● PROBLEM DETAILS:
Write down exactly the lines from the one below that has "Bruine zetel uit" to the end of the data, both ends included; the pictures should not appear in your copy.

● DATASET SECTION:
┄┄┄┄┄┄

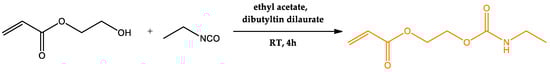 The synthesis of the acrylate-urethane monomer was carried out according to the recipe in the literature [] with modifications (Scheme 2). A total of 4 mL (54.6 mmol, 1 equivalent) of ethyl isocyanate and 5.9 mL (49.5 mmol, 1.1 equivalents) of 2-hydroxyethyl acrylate were added to the reactor with constant stirring. Then, 5 drops of dibutiline dilaurate were added to the reaction mixture. The synthesis was carried out under a stream of nitrogen with constant stirring for 4 h. It was then diluted with 20 mL of dichloromethane and washed with deionized water to remove the unreacted 2-hydroxyethyl acrylate. The remaining deionized water was removed by adding Na2SO4, after which the mixture was filtered. The urethane acrylate obtained was characterized by infrared spectroscopy with Fourier transform and nuclear magnetic resonance. For AU, 1H NMR (300 MHz, chloroform-d) δ 6.44 (dd, J = 17.3, 1.5 Hz, 1H), 6.15 (dd, J = 17.3, 10.4 Hz, 1H), 5.86 (dd, J = 10.4, 1.5 Hz, 1H), 4.73 (s, 1H), 4.45–4.25 (m, 4H), 3.23 (p, J = 6.9 Hz, 2H), 1.14 (t, J = 7.3 Hz, 3H).
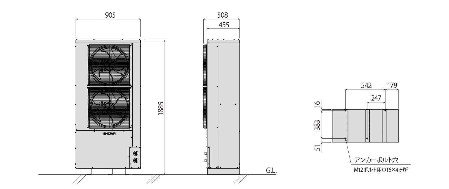 15kW業務用エコキュート(SSHP-15A)外形図
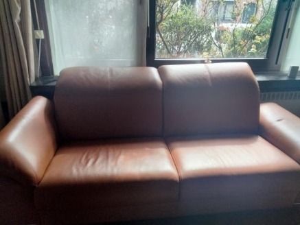 Bruine zetel uit leer. Nog maar 2 jaar oud en amper gebruikt wegens ziekte eigenaar.
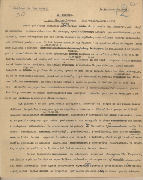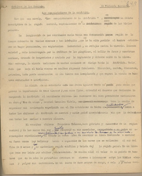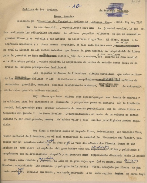 Crónicas - González Videla, Gabriel - Manuscritos chilenos

┄┄┄┄┄┄

● FINAL ANSWER:
 Bruine zetel uit leer. Nog maar 2 jaar oud en amper gebruikt wegens ziekte eigenaar.
 Crónicas - González Videla, Gabriel - Manuscritos chilenos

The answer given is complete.